§ **Exercise**
Could you repeat all of the entries exactly, leaving out any pictures?

Dataset items:
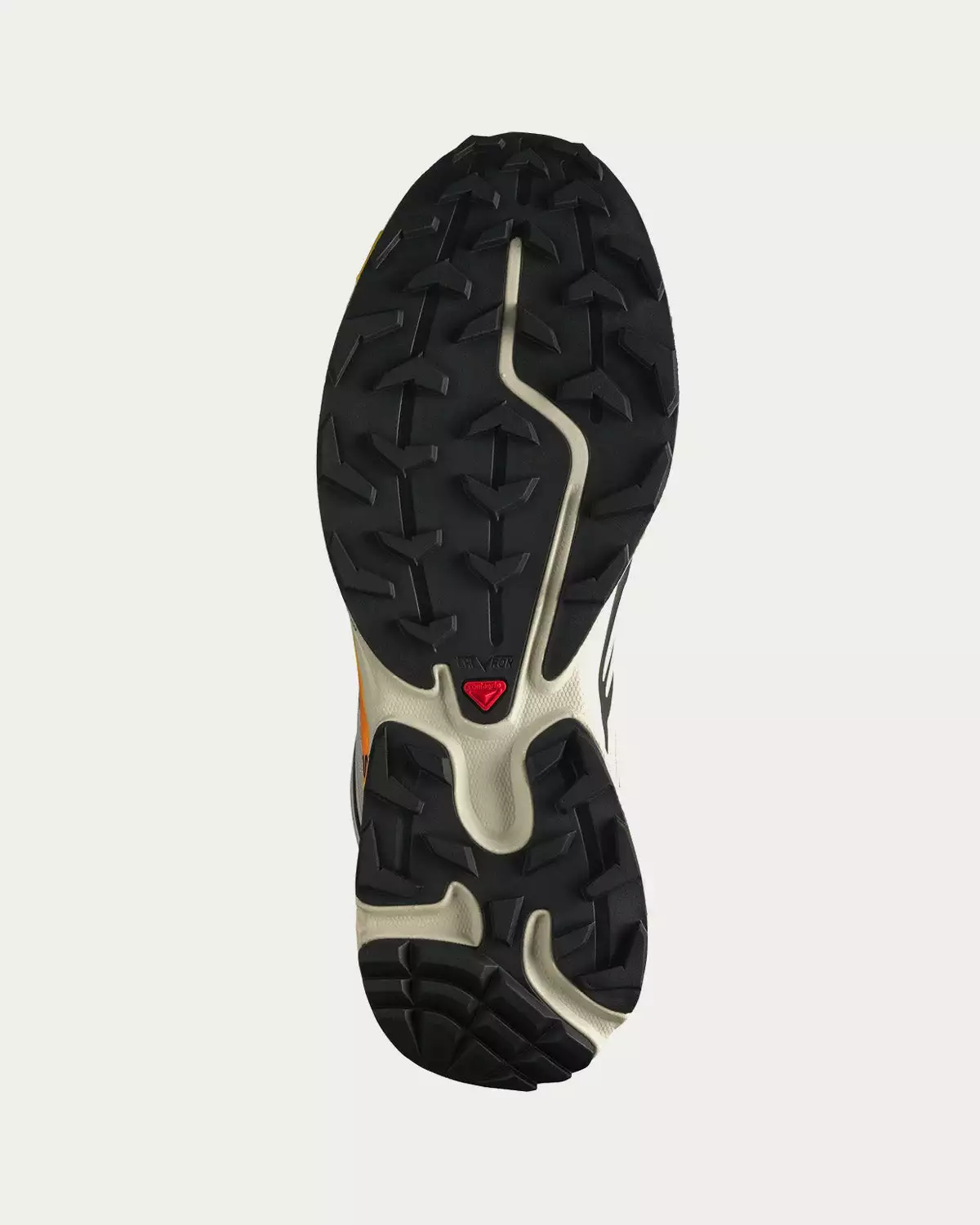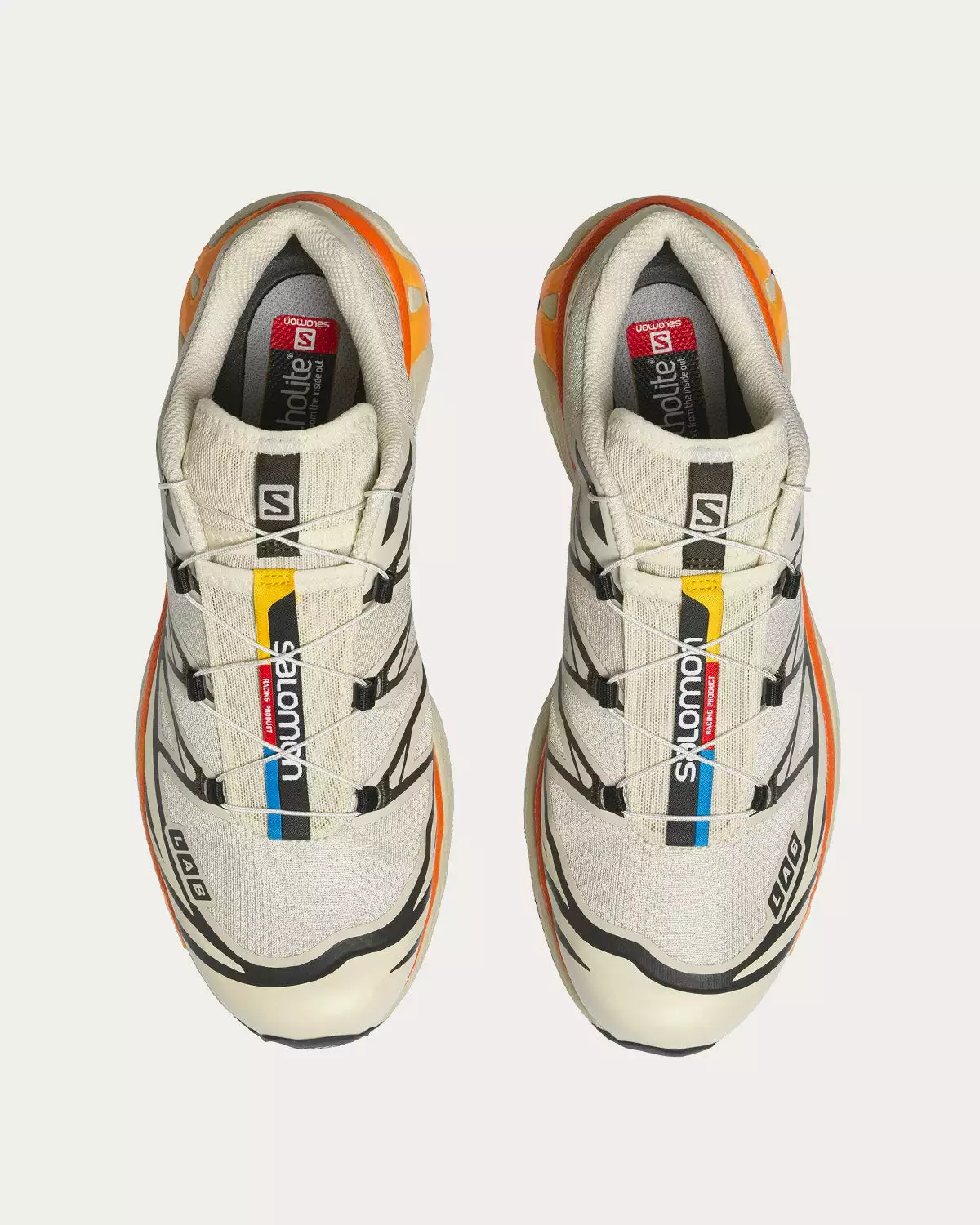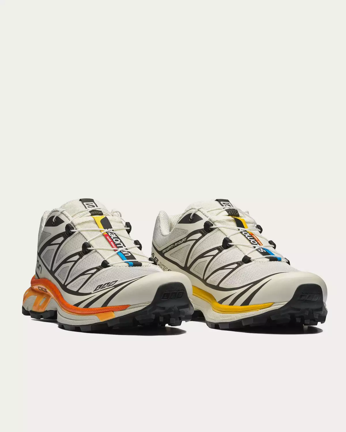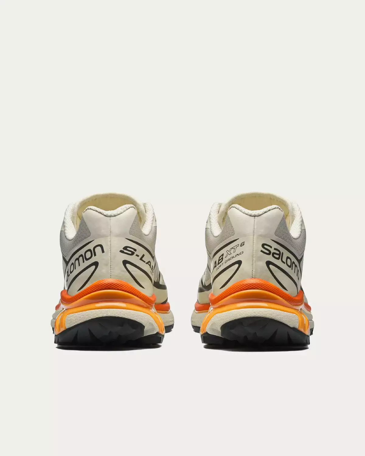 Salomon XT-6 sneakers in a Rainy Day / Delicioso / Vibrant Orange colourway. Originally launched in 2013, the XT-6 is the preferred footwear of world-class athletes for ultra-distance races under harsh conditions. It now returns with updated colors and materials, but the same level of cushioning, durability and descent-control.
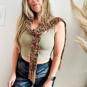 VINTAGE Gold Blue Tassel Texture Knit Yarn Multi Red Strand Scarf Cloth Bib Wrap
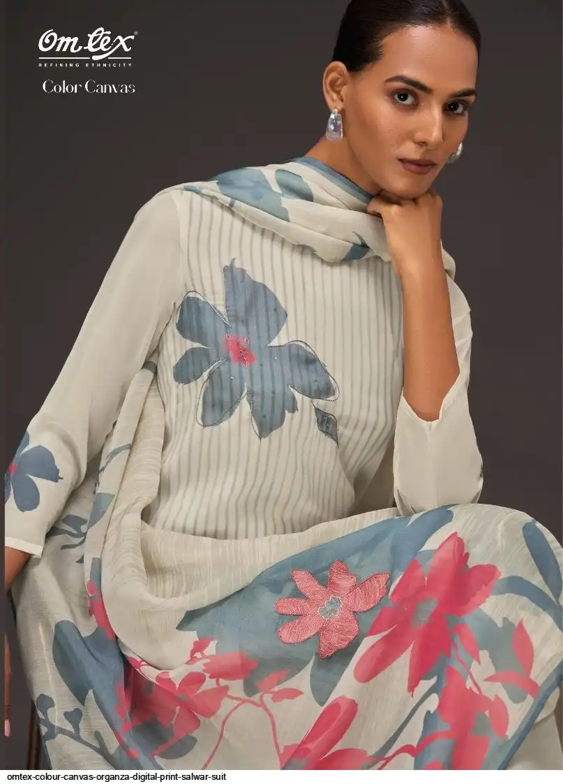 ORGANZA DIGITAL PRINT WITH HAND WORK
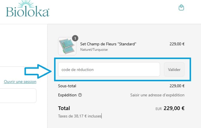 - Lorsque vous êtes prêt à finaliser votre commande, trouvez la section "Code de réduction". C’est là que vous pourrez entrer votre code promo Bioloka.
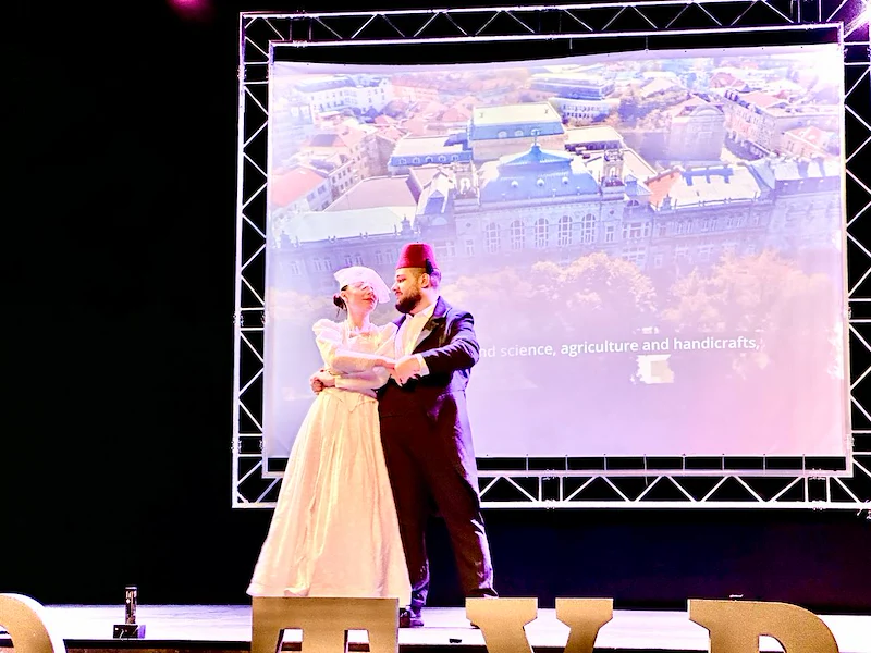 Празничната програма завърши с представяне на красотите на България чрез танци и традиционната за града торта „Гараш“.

§ **Written answer**
 Salomon XT-6 sneakers in a Rainy Day / Delicioso / Vibrant Orange colourway. Originally launched in 2013, the XT-6 is the preferred footwear of world-class athletes for ultra-distance races under harsh conditions. It now returns with updated colors and materials, but the same level of cushioning, durability and descent-control.
 VINTAGE Gold Blue Tassel Texture Knit Yarn Multi Red Strand Scarf Cloth Bib Wrap
 ORGANZA DIGITAL PRINT WITH HAND WORK
 - Lorsque vous êtes prêt à finaliser votre commande, trouvez la section "Code de réduction". C’est là que vous pourrez entrer votre code promo Bioloka.
 Празничната програма завърши с представяне на красотите на България чрез танци и традиционната за града торта „Гараш“.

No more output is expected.